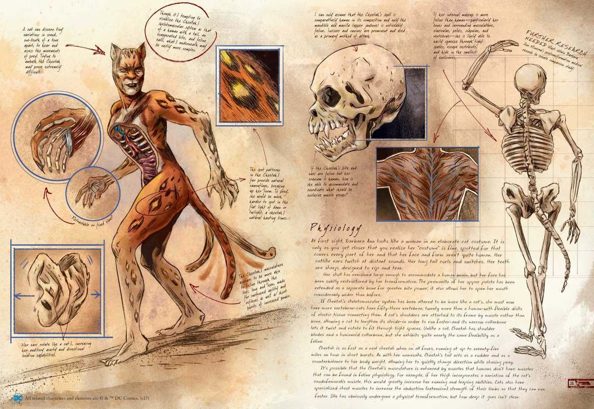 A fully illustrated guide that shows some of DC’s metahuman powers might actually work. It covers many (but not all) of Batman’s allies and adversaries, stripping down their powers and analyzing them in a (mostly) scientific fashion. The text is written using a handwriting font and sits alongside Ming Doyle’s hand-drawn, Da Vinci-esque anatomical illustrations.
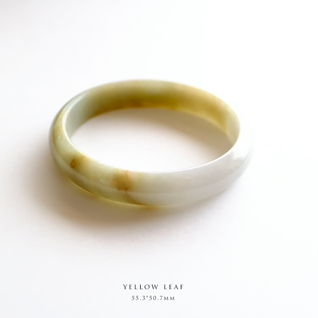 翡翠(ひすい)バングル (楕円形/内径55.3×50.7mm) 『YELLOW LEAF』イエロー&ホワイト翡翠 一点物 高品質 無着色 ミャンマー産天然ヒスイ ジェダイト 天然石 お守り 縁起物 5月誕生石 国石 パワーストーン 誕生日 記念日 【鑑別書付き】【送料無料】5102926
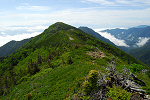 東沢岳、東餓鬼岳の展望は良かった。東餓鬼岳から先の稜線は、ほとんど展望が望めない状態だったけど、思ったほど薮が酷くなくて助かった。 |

==

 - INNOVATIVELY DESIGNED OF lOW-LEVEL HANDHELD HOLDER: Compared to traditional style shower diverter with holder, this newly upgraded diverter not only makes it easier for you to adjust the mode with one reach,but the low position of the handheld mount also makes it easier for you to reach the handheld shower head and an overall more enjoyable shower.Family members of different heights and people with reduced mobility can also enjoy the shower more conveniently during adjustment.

_WORK ITEM_.
Give again, exactly as written above, every line from the one holding "翡翠(ひすい)バングル (楕円形/内径55.3×50.7mm) 『YELLOW" to the one holding "東沢岳、東餓鬼岳の展望は良か", with both ends kept and the pictures left out.

_EXERCISE SOLUTION_.
 翡翠(ひすい)バングル (楕円形/内径55.3×50.7mm) 『YELLOW LEAF』イエロー&ホワイト翡翠 一点物 高品質 無着色 ミャンマー産天然ヒスイ ジェダイト 天然石 お守り 縁起物 5月誕生石 国石 パワーストーン 誕生日 記念日 【鑑別書付き】【送料無料】5102926
 東沢岳、東餓鬼岳の展望は良かった。東餓鬼岳から先の稜線は、ほとんど展望が望めない状態だったけど、思ったほど薮が酷くなくて助かった。 |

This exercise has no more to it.